__GIVEN ENTRIES__.
------------------------------------
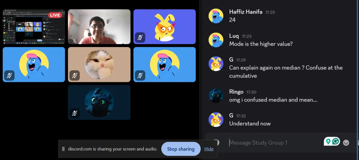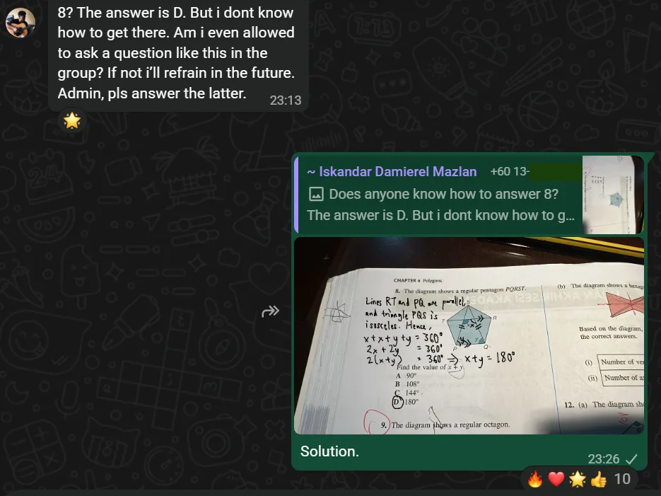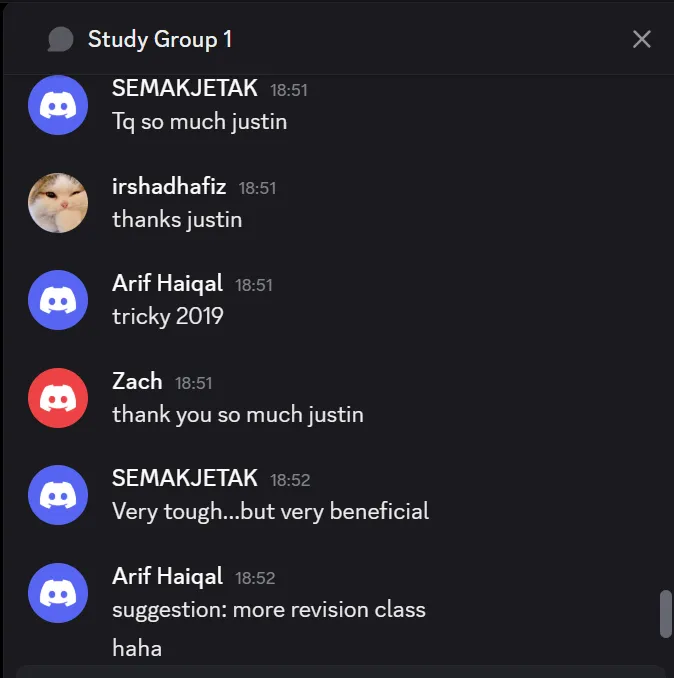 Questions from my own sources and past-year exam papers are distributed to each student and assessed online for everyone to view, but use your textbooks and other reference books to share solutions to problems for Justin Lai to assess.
------------------------------------
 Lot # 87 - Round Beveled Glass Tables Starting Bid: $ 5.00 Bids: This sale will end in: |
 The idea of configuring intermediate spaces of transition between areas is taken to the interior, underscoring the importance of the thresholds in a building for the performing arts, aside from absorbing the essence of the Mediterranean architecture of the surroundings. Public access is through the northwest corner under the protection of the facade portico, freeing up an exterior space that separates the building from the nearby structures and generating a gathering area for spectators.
------------------------------------
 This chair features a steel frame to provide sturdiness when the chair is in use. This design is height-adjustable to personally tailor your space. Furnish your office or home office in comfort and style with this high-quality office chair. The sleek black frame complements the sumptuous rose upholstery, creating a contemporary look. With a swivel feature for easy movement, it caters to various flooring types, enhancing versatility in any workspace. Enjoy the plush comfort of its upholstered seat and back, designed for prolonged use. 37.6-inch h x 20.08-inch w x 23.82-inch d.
------------------------------------
__WHAT NEEDS TO BE DONE__. If a line in the material holds "This", copy it.

__OUTPUT__.
 Lot # 87 - Round Beveled Glass Tables Starting Bid: $ 5.00 Bids: This sale will end in: |
 This chair features a steel frame to provide sturdiness when the chair is in use. This design is height-adjustable to personally tailor your space. Furnish your office or home office in comfort and style with this high-quality office chair. The sleek black frame complements the sumptuous rose upholstery, creating a contemporary look. With a swivel feature for easy movement, it caters to various flooring types, enhancing versatility in any workspace. Enjoy the plush comfort of its upholstered seat and back, designed for prolonged use. 37.6-inch h x 20.08-inch w x 23.82-inch d.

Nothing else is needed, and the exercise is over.